Hola, qué dos "lenguajes" de estos utilizáis para la programación de PLCs?

Tengo entendido que el GRAFCET no es lenguaje de programación como tal ya que son diagramas de flujos que explican el proceso a automatizar pero no tengo muy claro si sirve para todas las PLC de todos los fabricantes, asi como para las PLDs existe el VHDL que es estandar... 

Estoy un poco líado porque empiezo ahora a la programación de los PLCs. 

En definitica hay un lenguaje estandar para programar PLCs?  Por ejemplo Telemecanique tiene el PL7 y OMRON tiene otro, pero pero intuyo que el estandar sería el GRAFCET? 

Gracias de antemano


----------



## nikotino74 (Oct 12, 2009)

Hola,

Hay una norma IEC 61131-3 que es un estándar de programación de PLC.

De todas formas el GRAFCET es un pseudoalgoritmo que ayuda a programar, luego cada PLC tiene más o menos sus propios lenguajes.

Por ejemplo, Siemens se puede programar como contactos (normalmente abierto/normalmente cerrado, etc.) mediante puertas lógicas and, or, etc, que se llama funcional y en modo texto (AWL) que es un lenguaje de programación "entre el C y el ensamblador" salvando las distancias con estos lenguajes.

Schneider se programa también en texto y en funcional.

Así que dependiendo del PLC que utilices podrás utilizar unas cosas u otras.

Espero que te sirva. Si tienes más dudas pregunta y a ver si puedo contestarte.


----------



## Guimmie (Oct 14, 2009)

La norma IEC, cita 5 estándares de programación:

ST (Texto estructurado)
LAD o LADDER (Diagrama de contactos, "escalera")
GRAFCET (Programar mediante diagramas grafcet directamente)
DIAGRAMA DE FUNCIONES (Programación que se parece a un circuito de puertas lógicas)
LISTA DE INSTRUCCIONES (Nose cómo definirtelo... es eso una lista de instrucciones que se ejecutan una detras de otra...)

Después cada fabricante adapta los lenguajes un poco pero, si no me equivoco, la norma les obliga a ofrecer los 5. El uso de cada uno depende de la aplicación que quieras hacer.

De todas maneras, aclararte que Grafcet es una simple ayuda para realizar un programa.
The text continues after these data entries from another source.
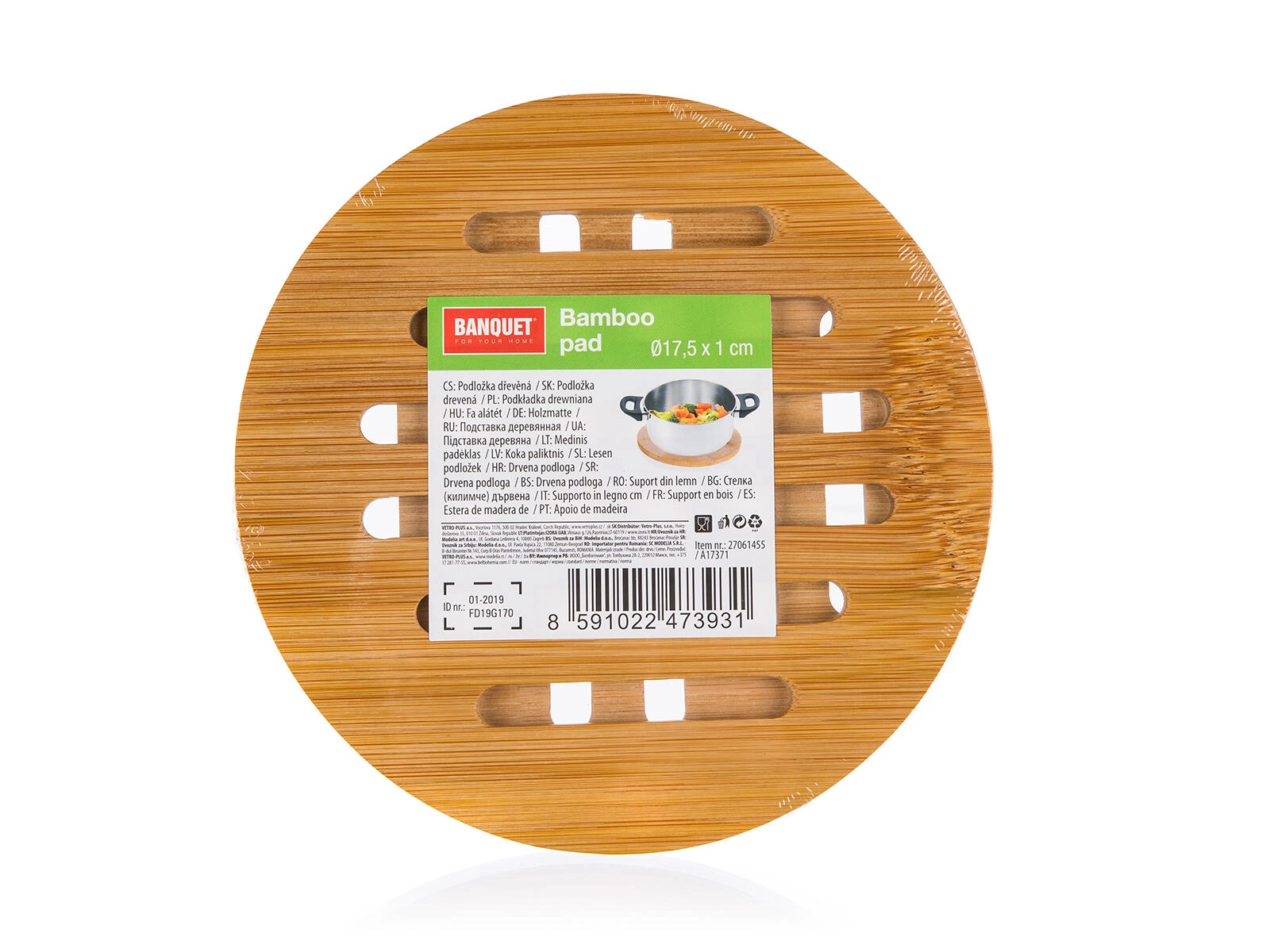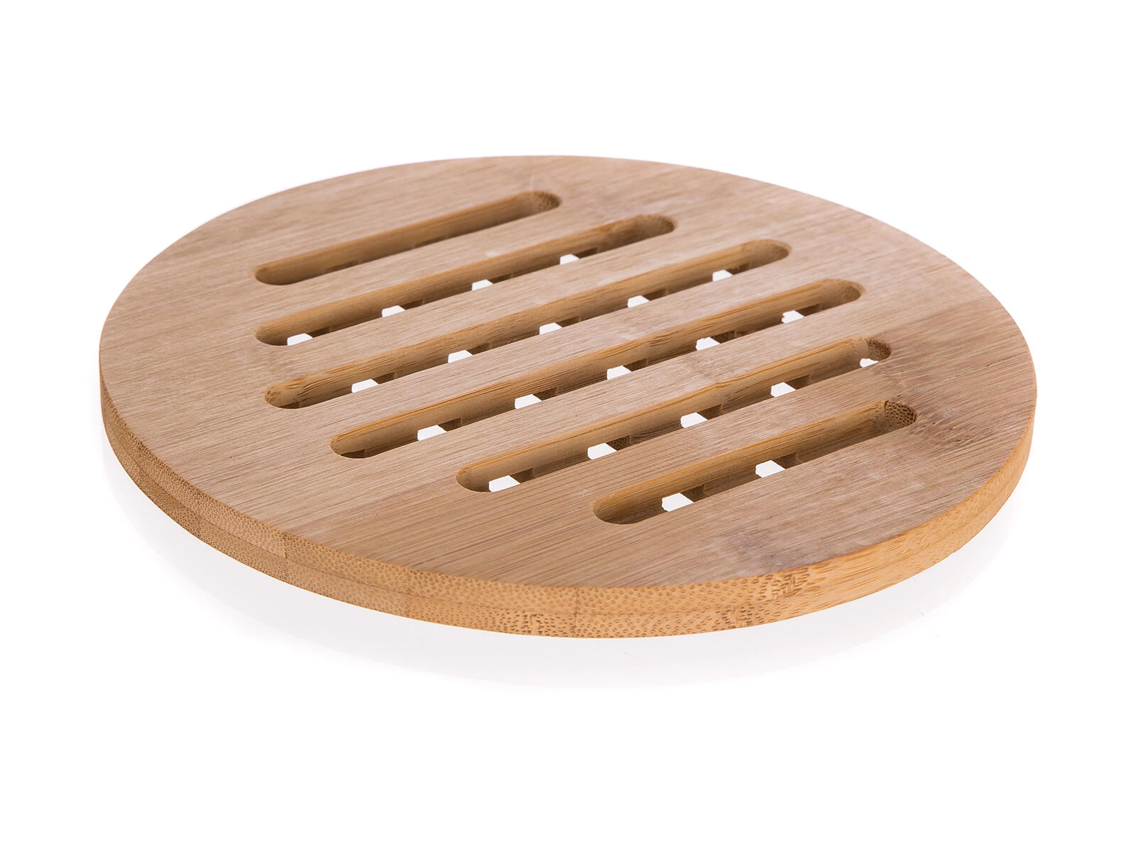 Bambusunderlag BRILLANTE med en diameter på 17,5 cm beskytter pålideligt bordet og køkkenbordet mod varme og ridser. Det er lavet af holdbar bambus, har en højde på 1 cm for bedre isolering og egner sig til varme og kolde retter og drikke.
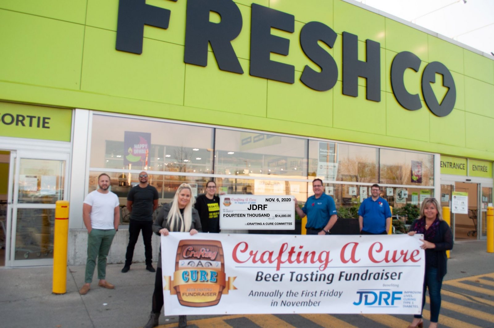 The 2020 Crafting A Cure Committee with a $14,000 cheque to JDRF From L-R: Patrick Larose, Shannon Ferguson, Matthew Girgis, Jordan O’Brien, Chair Bill Makinson, Gabriel Riviere-Reid, and Tanya Flaro .
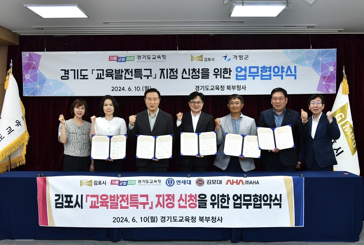 | ▲ 교육발전특구 시범사업 운영 업무협약 후 기념사진. 좌로부터 서혜정 경기도교육청 정책기획담당관, 박진영 김포대 총장, 임태희 경기도교육감, 김병수 김포시장, 이남규 연세대 산학교육분과장, 구기도 아하대표, 이창우 김포시교육지원과장 |
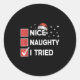 Pegatina Redonda Merry Christmas Nice Naughty I Tried Christmas Lis
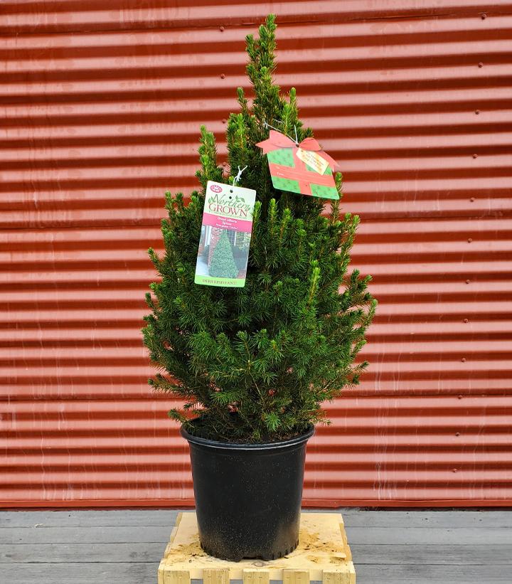 Picea glauca is a large evergreen with thin, flaky bark, and cylindrical bale brown cones. Needles are blue-green in color, half-inch long, and are quite aromatic when crushed. Find this tall conifer in upland areas and near lakes and streams.
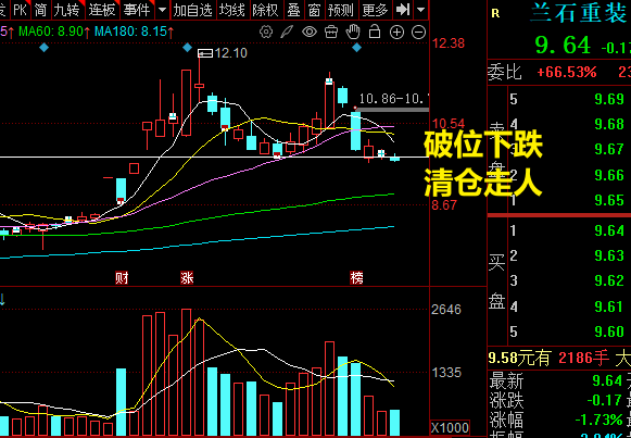 今天股价跌破位了,早盘股价低开向下走调整的过程中,我在9.7的位置全部止损离场了,从短线的角度来看,兰石里面的主俚属于弱庄,接下来向下洗盘的时间会比较长,所以没有必要把紫金耗死在里面,我的策略是离场之后继续观察,什么时候地量地价,主俚洗盘结束了再去低西。
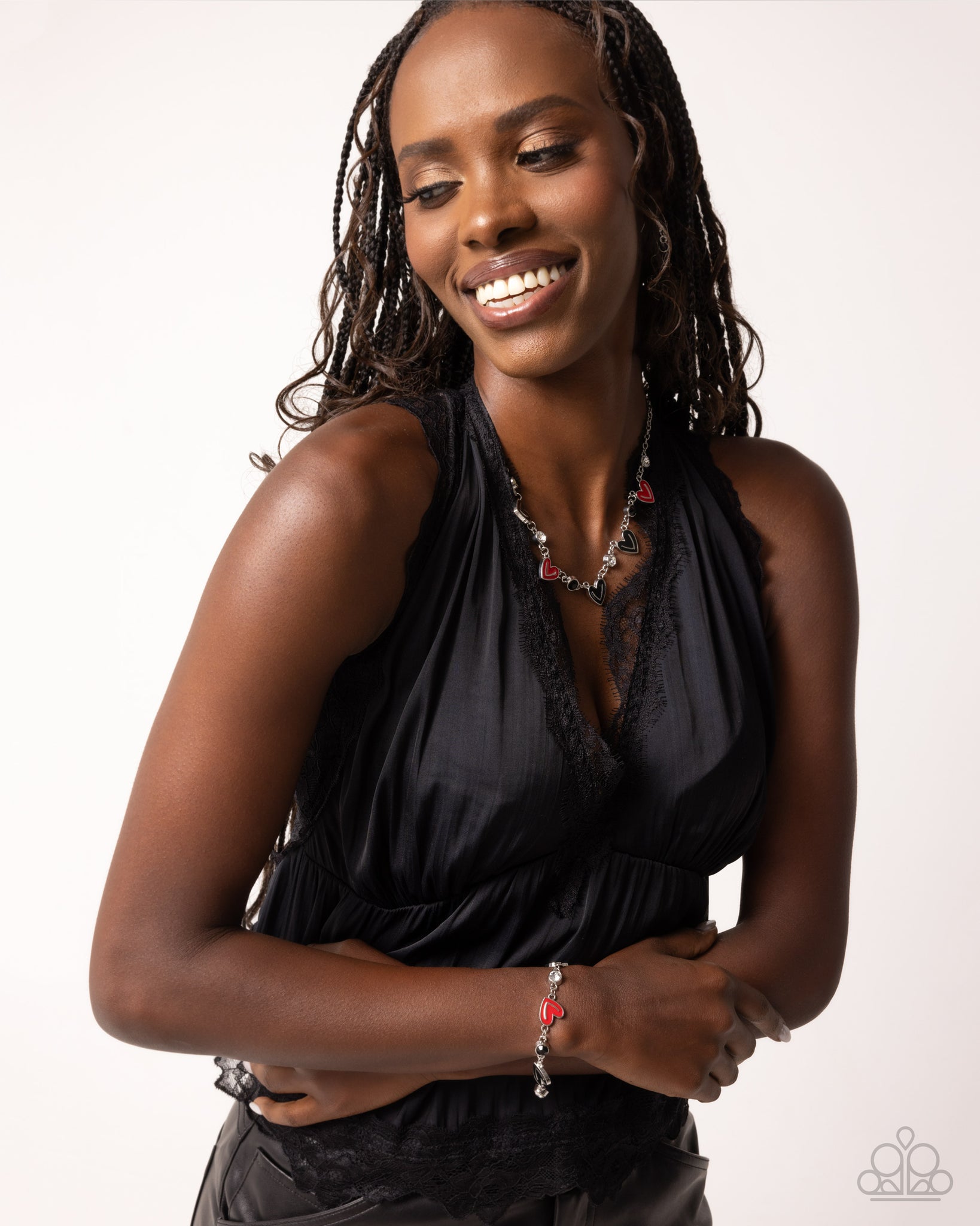 Infused along a dainty silver cable chain, a collection of white and black rhinestones in silver fittings alternate with red and black-painted abstract silver hearts that feature tactile linear detailing along their centers for a fun-loving pop of color below the neckline. Features an adjustable clasp closure.

Puedes plantear un programa mediante Grafcet y programarlo en cualquier otro lenguaje.


----------



## casha (Nov 20, 2009)

para micro PLCs  MOELLER   que su PLCs se llama EASY  bueno resien estoy aprendiendo  pero este utiliza el sistema escalera bueno que no se si  es un sistema estandar


----------



## Valvulin (Ene 21, 2010)

particularmente me gusta trabajar con Ladder, porque cuando entrego los planos, para el electricista, poco experimentado con PLC, le resulta más facil poder encontrar una falla externa (sensores, micros, llaves, etc.) que puede estar afectando al uso normal de la máquina automatizada..


----------